Kinetic Isotope Effects: Interpretation and Prediction Using Degrees of Rate Control
journal contributionposted on 19.03.2020, 18:34 by Zhongtian Mao, Charles T. Campbell
Kinetic isotope effects (KIEs) have been used for decades in catalysis research as a tool for clarifying reaction mechanisms. Significant primary kinetic isotope effects have usually been interpreted as being a result of isotope substitution at a site of bond breaking (or forming) in the rate-determining step in the reaction mechanism. However, quantitative analysis of the magnitude of the KIE in complex multistep reaction mechanisms is seldom reported. We prove here that the logarithm of the rate ratio for two isotopes is the weighted average over all species in the mechanism of their standard-state free-energy difference between the two isotopes, divided by RT. The weighting factor is the degree of rate control (DRC) for that species (e.g., transition state, intermediate, reactant) when the rate is measured separately for each isotope.

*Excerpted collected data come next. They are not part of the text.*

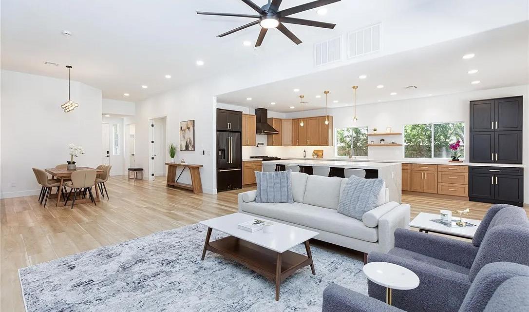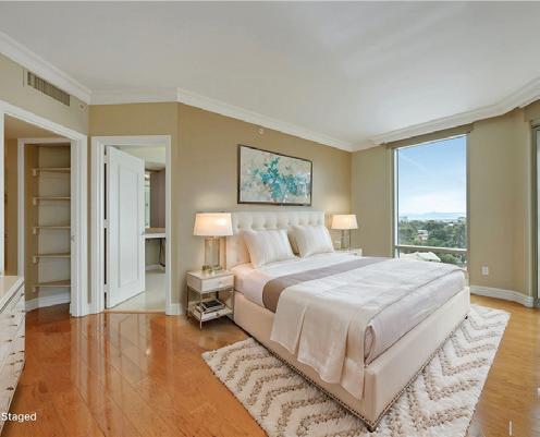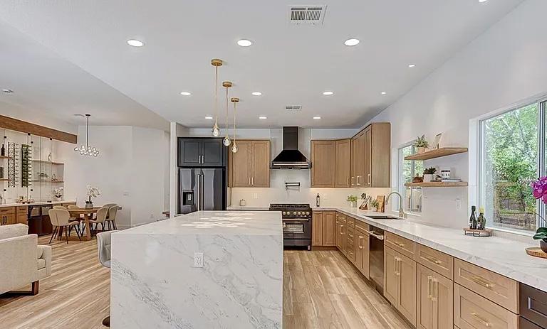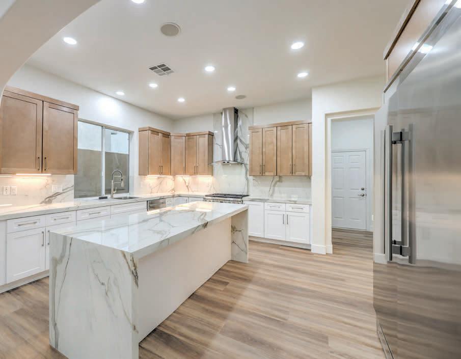 that create a truly serene backdrop for everyday life. The expansive open floor plan, soaring ceilings, and designer finishes throughout. The gourmet kitchen, featuring all new top-of-theline appliances, new custom cabinetry, a large center island, and elegant quartz countertops The spacious primary suite is a true retreat,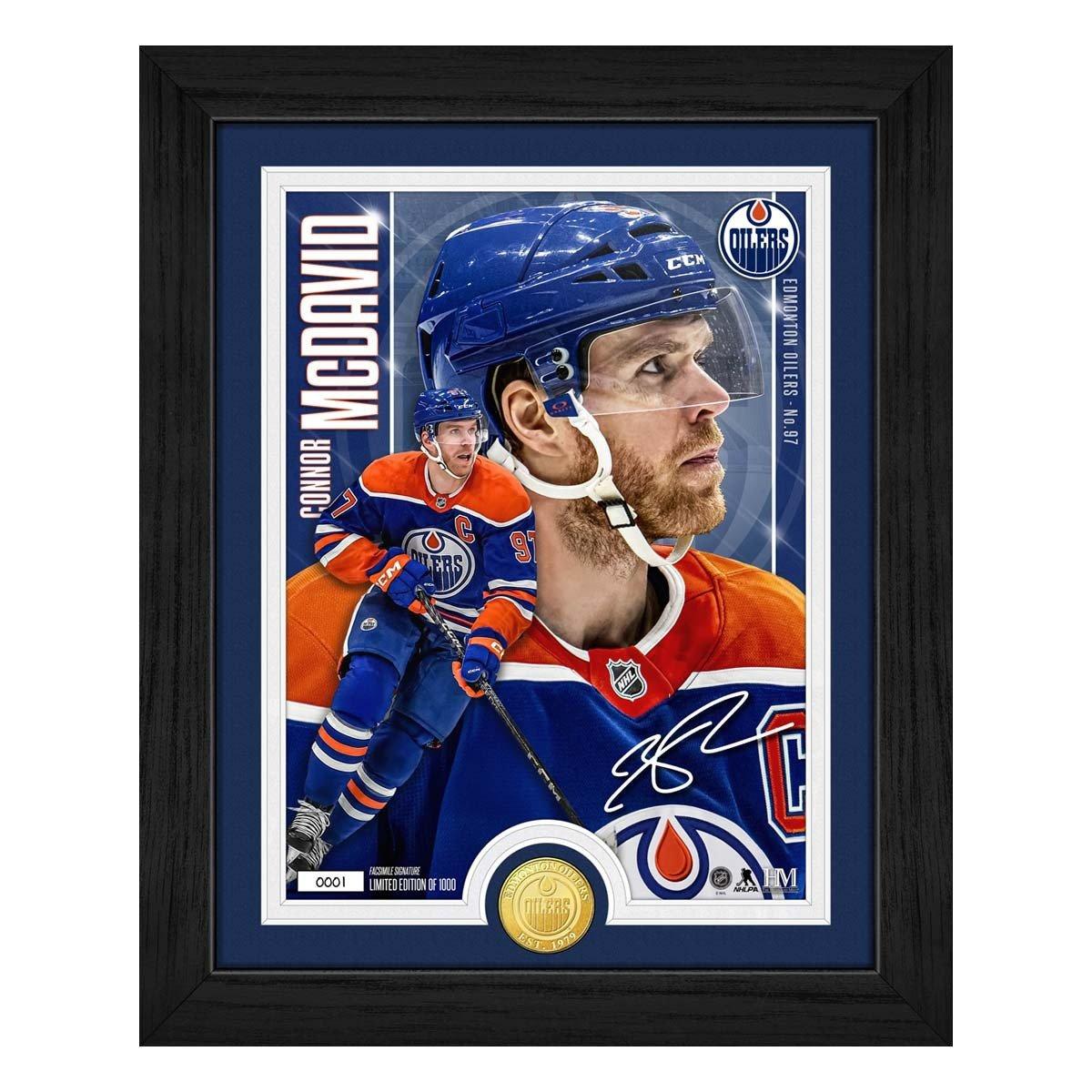 The Edmonton Oilers' Connor McDavid is featured in this limited edition 13"x16" framed collectible that includes a stunning 8"x11" custom-designed artist print and a minted 39mm Edmonton Oilers bronze coin. Elegantly double-matted and protected under acrylic glass, this premium display piece is a must-have for NHL fans and collectors. Only 1,000 individually numbered pieces exist — each officially licensed by the NHL and NHLPA. Each frame includes a certificate of authenticity. Proudly made in the U.S.A. by The Highland Mint, this collectible arrives ready to hang and ready to impress.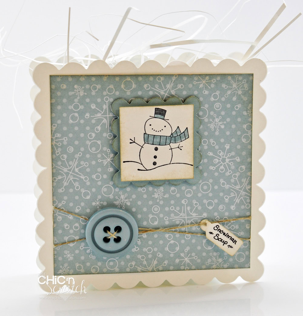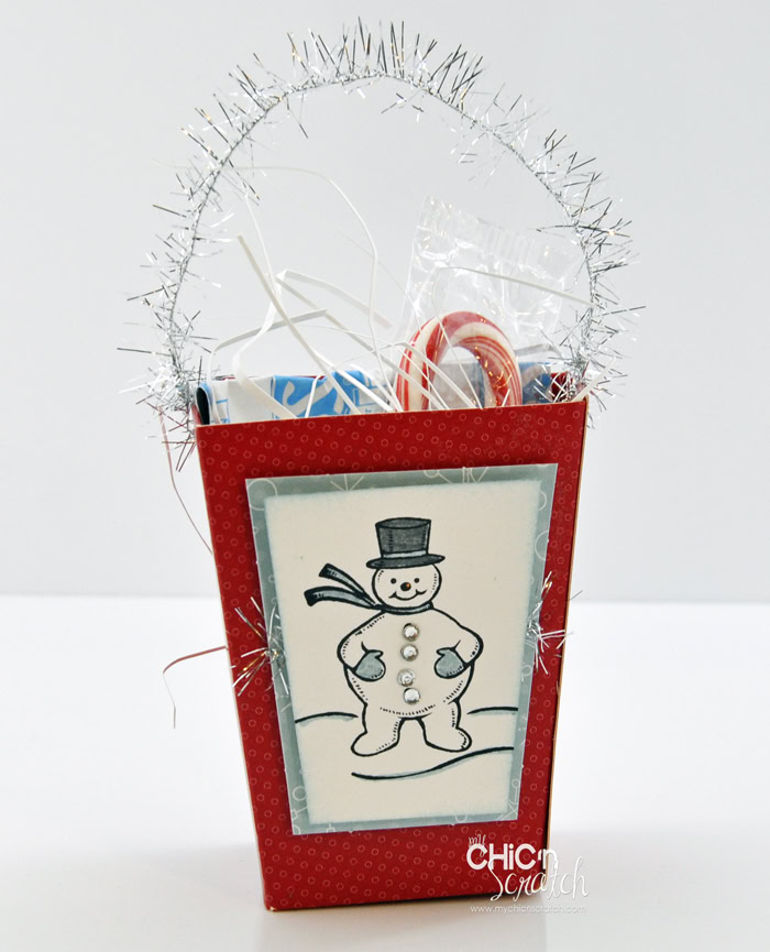 Isn't this box too cute!!! When I got home from the doctors office yesterday I had a package on my kitchen counter waiting for me. And when I opened it up….Colleen had sent me three darling boxes. I couldn't get to my computer fast enough to tell her thank you …..what's so ironic about it….. is…..yesterday I posted the snowman soup box using the exact same tall top note box. Isn't it funny how we both came up with the same idea…..but yet our boxes look totally different.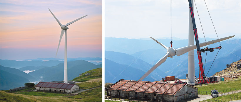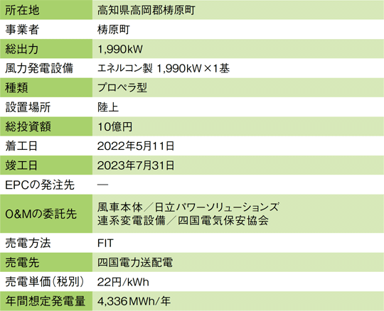 高知県梼原町が運営する風力発電所。町は1999年、四国カルスト高原に出力600kW、2基の風車を設置して発電事業を開始。2022年6月の運転停止まで稼働させ、売電収入は住宅向け再生可能エネルギー設備の導入補助や森林整備の助成に充ててきた。その後、設備の老朽化に伴い、全面改修工事を実施。ドイツから新しい風車を輸送船で運び、須崎港でブレードや柱などパーツごとに荷下ろしした。現地までの輸送は困難を極めたが、23年7月に竣工し、同年8月には出力1990kWの風力発電所として再稼働した。
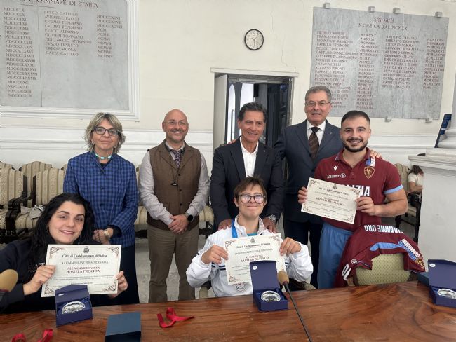 Consegnate le pergamene a: Salvatore Maresca, campione delle Fiamme oro, primo nella specialità anelli della World Challenge Cup 2023 di ginnastica artistica in Francia;  Angela Procida, 23 anni, atleta delle Fiamme Oro, nuotatrice e paraciclista italiana, Argento nei 100 dorso con record italiano assoluto al Campionato del mondo di Manchester e Pass Parigi 2024; Raniero De Fusco, classe 2007, tesserato per la Nuova Polisportiva Stabia e Campione Europeo 2023 con la Nazionale Italiana con Sindrome di Down a soli 15 anni, il più giovane di sempre.

It is instead the degree of selectivity ratio control (DSRC) when the KIE is measured as the product selectivity in a parallel competition between two isotopes within the same reactant molecule. Since only a few species have nonzero DRCs (or DSRCs) for most reactions, only these few contribute to this weighted average and the KIE. We show that this provides a simple way to interpret and quantitatively predict kinetic isotope effects that is powerful in the insights it provides, allowing one to evaluate directly which species contribute most to the KIE. By applying it to H/D KIEs in several example mechanisms, we further show that the traditional way of interpreting KIEs that focuses only on the rate-determining step can easily lead to misunderstanding of KIE and the reaction mechanism. This highlights the importance to consider the effect of isotope substitution on the energies of all species with large DRCs (i.e., those whose energies are kinetically relevant). This method also offers opportunities for quantitative validation of mechanism-based microkinetic models.